## WORK TO BE COMPLETED
Could you return every record below exactly as it stands, leaving out the pictures?

## EXCERPTED RECORDS
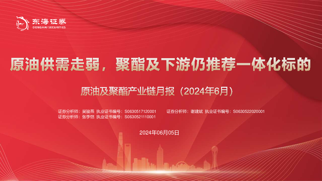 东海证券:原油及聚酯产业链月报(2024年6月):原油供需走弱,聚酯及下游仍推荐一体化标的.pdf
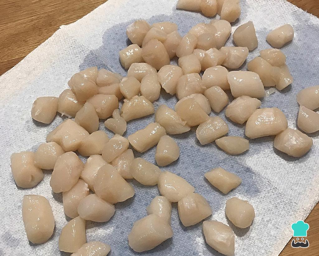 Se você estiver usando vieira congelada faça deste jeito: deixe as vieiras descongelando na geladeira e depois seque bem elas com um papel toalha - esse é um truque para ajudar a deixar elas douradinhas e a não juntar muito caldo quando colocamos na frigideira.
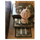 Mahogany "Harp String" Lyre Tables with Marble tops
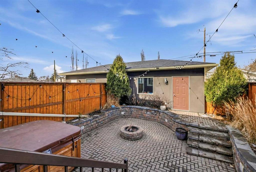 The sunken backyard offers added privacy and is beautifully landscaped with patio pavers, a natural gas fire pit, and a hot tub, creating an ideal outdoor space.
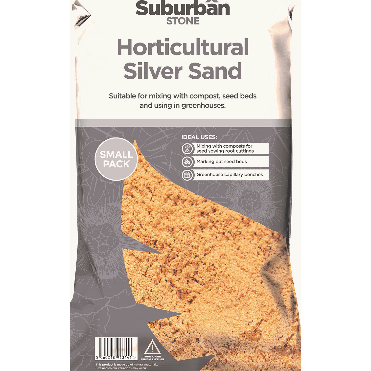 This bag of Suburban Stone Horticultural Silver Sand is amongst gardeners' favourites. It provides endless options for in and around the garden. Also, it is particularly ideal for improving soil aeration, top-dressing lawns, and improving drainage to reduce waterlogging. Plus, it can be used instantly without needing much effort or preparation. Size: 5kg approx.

## ANSWER TO THIS PROBLEM
 东海证券:原油及聚酯产业链月报(2024年6月):原油供需走弱,聚酯及下游仍推荐一体化标的.pdf
 Se você estiver usando vieira congelada faça deste jeito: deixe as vieiras descongelando na geladeira e depois seque bem elas com um papel toalha - esse é um truque para ajudar a deixar elas douradinhas e a não juntar muito caldo quando colocamos na frigideira.
 Mahogany "Harp String" Lyre Tables with Marble tops
 The sunken backyard offers added privacy and is beautifully landscaped with patio pavers, a natural gas fire pit, and a hot tub, creating an ideal outdoor space.
 This bag of Suburban Stone Horticultural Silver Sand is amongst gardeners' favourites. It provides endless options for in and around the garden. Also, it is particularly ideal for improving soil aeration, top-dressing lawns, and improving drainage to reduce waterlogging. Plus, it can be used instantly without needing much effort or preparation. Size: 5kg approx.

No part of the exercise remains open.